Литмир - Электронная Библиотека
Содержание  
A
A

– Nie, panie poruczniku.

– Świetnie. W takim razie podpisz mi dokumenty potwierdzające zakończenie naprawy i wracaj na obręcz.

– Tak jest. – Święcki po raz ostatni spojrzał na kontur Suhurty i jej wąski północny kraniec. Siedem Wierchów odcinało się wyraźnie od seledynowo-złotych wyżyn.

DZIEWIĘĆ

Zajcew czekał na niego w korytarzu przedziału mieszkalnego. Stał tuż za załomem grodzi, w miejscu, skąd mógł obserwować główne skrzyżowanie poziomu. Oparty o ścianę wpisywał coś do podręcznego komunikatora, uśmiechając się pod nosem, jakby go to bawiło. Na moment przed tym, nim Święcki zdążył skręcić w odnogę prowadzącą ku jego kabinie, czarnoskóry wartownik przerwał notowanie i spokojnie wmieszał się w tłum.
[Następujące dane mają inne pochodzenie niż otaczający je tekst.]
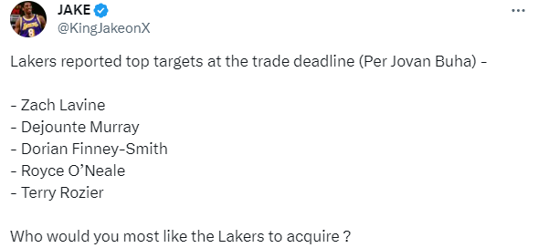 该记者还表示,若湖人愿意交易里夫斯,他们才可能达成关于穆雷的交易,此外联盟内部认为拉塞尔并不是具有吸引力的筹码。
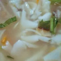 鍋邊糊的做法即是,將調制好的米漿均勻澆鐵鍋內邊緣四周而成,待米漿煮熟、烘干,再將其鏟成片狀送入鍋內沸水之中,并加以蛤蜊、香菇、蝦皮、蔥、黃花菜等配料,稍煮片刻即可。剛出鍋的鍋邊糊白脆薄潤,湯清不糊,食之細膩爽滑,清香可口。一鍋香噴噴的鍋邊糊出鍋,僅需三五分鐘,但是,糊米漿的過程卻是最考驗掌勺者的。米漿不得攤的過厚或過薄,過厚,糊片難以吸收湯水的鮮味,過薄,則易碎造成湯底不清,鍋邊糊不成片,影響口感。鍋邊糊雖源起于福州,但早已融入建陽人民生活之中。無論是早餐還是夜宵,點一碗鍋邊,再搭配一塊油餅,這便是極好的。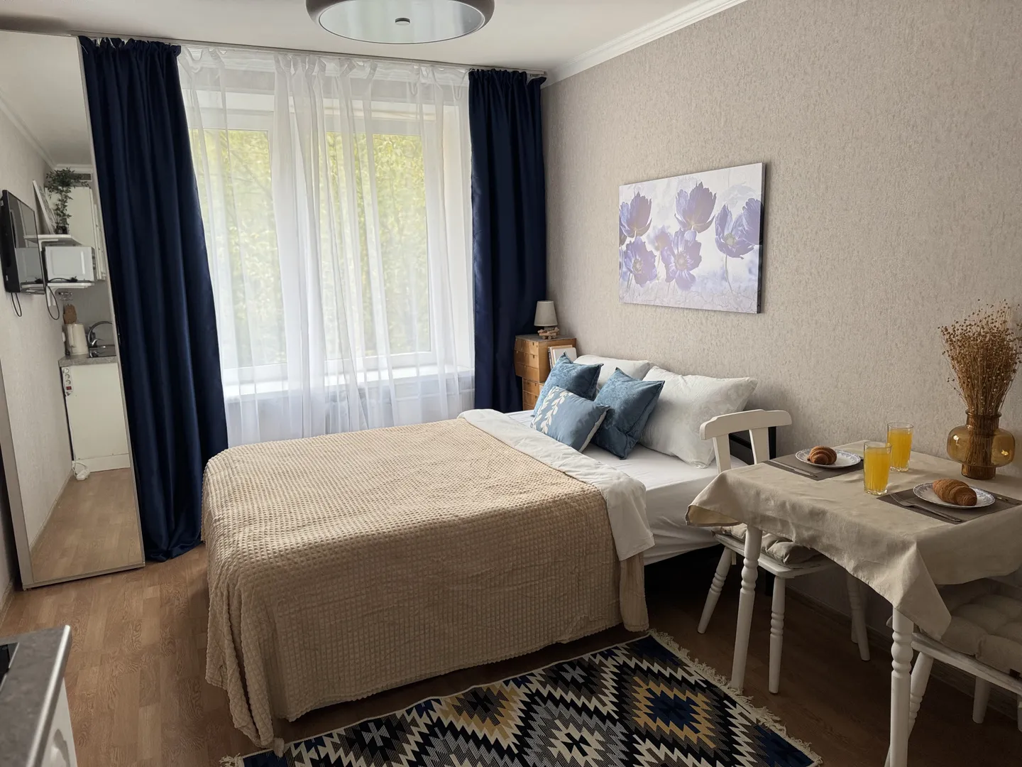 - Вся необходимая техника: телевизор -смарт-тв, микроволновая печь, стиральная машина, электрический чайник, утюг.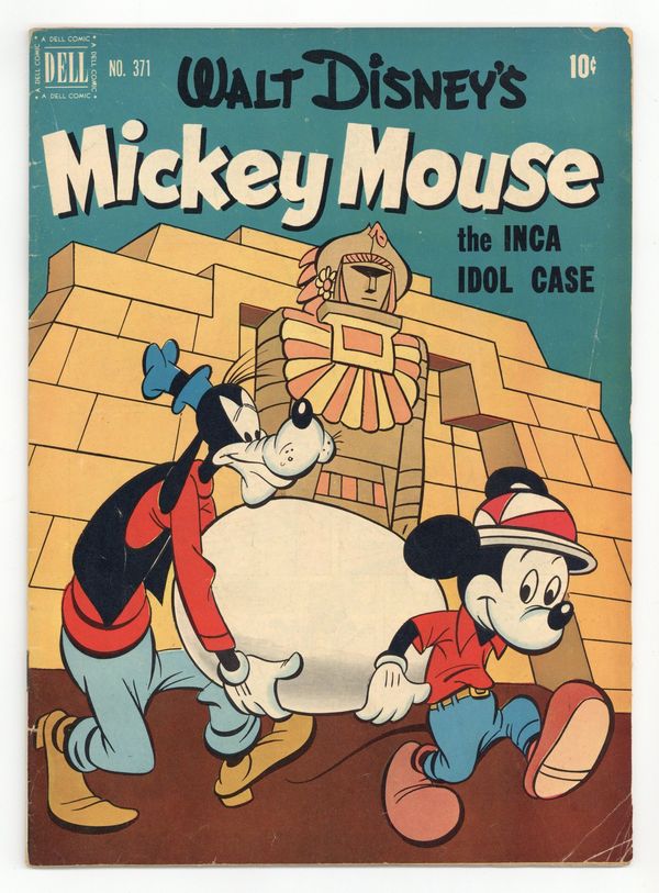 Cover art by Dan Gormley. Mickey Mouse and the Inca Idol Mystery; Two crooks use Mickey and Goofy to unknowingly help them smuggle the "Inca Idol" from the South American city of "Inca Blinka." Secret of the Pyramids; Mickey and Pluto are accidentally locked in a museum; Black Pete and El Cad break into the museum to steal the original plans of the pyramids from the mummy of King Tut-Tah-Tut. Car Phone back cover strip, art by Bill Weaver; Goofy has a pay phone installed in his car. 36 pages, full color. Cover price $0.10.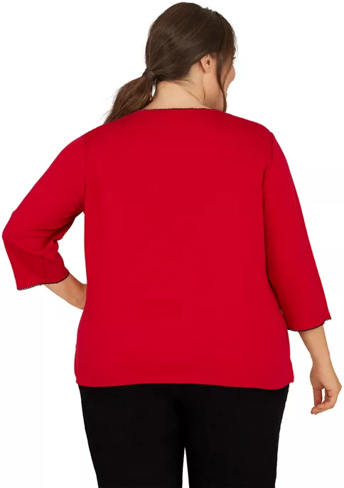 Promo π₯ Alfred Dunner Petite Copper Canyon Crew Neck Three-Quarter Sleeve Geo-Print Top π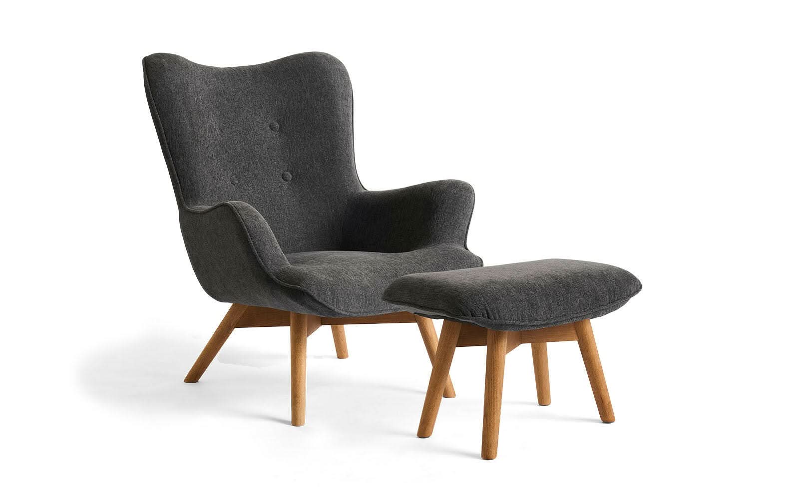 Twist lænestol og fodskammel tilføjer lidt retrostil til dit hjem.
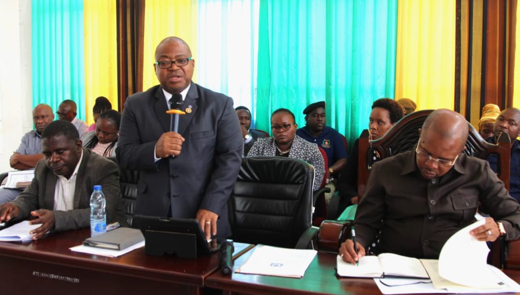 Katibu Tawala, Mkoa wa Pwani, Bw. Rashid Mchata akiwasilisha taarifa ya utekelezaji ya Mkoa wa Pwani kwa Naibu Waziri, Ofisi ya Rais, Menejimenti ya Utumishi wa Umma na Utawala Bora, Mhe. Ridhiwani Kikwete wakati wa ziara ya kikazi ya Naibu Waziri huyo iliyolenga kuhimiza uwajibikaji na kutatua changamoto zinazowakabili watumishi wa mkoa huo.

Henryan był święcie przekonany, że ich spotkanie jest dziełem przypadku.

– Musimy pogadać, kolego sierżancie – rzucił półgębkiem Zajcew, nie odrywając wzroku od ekranu czytnika.

– Nie sądzę – powiedział ostrożnie Henryan.

– Wubecja węszy wokół kolegi – dodał szybko czarnoskóry wartownik.

– Wiem.

Zajcew zerknął na niego zaskoczony.

– Zwolni kolega trochę – poprosił, zmieniając ton.

– Śpieszę się. – Henryan zbył go ponownie, i to nie dlatego, że tak kazał porucznik. Naprawdę nie miał ochoty na drążenie tej sprawy.

– A może jednak? – syknął poirytowany Zajcew. – Tym razem nie skończy się na rewizji pod nieobecność gospodarza. Czekają na kolegę.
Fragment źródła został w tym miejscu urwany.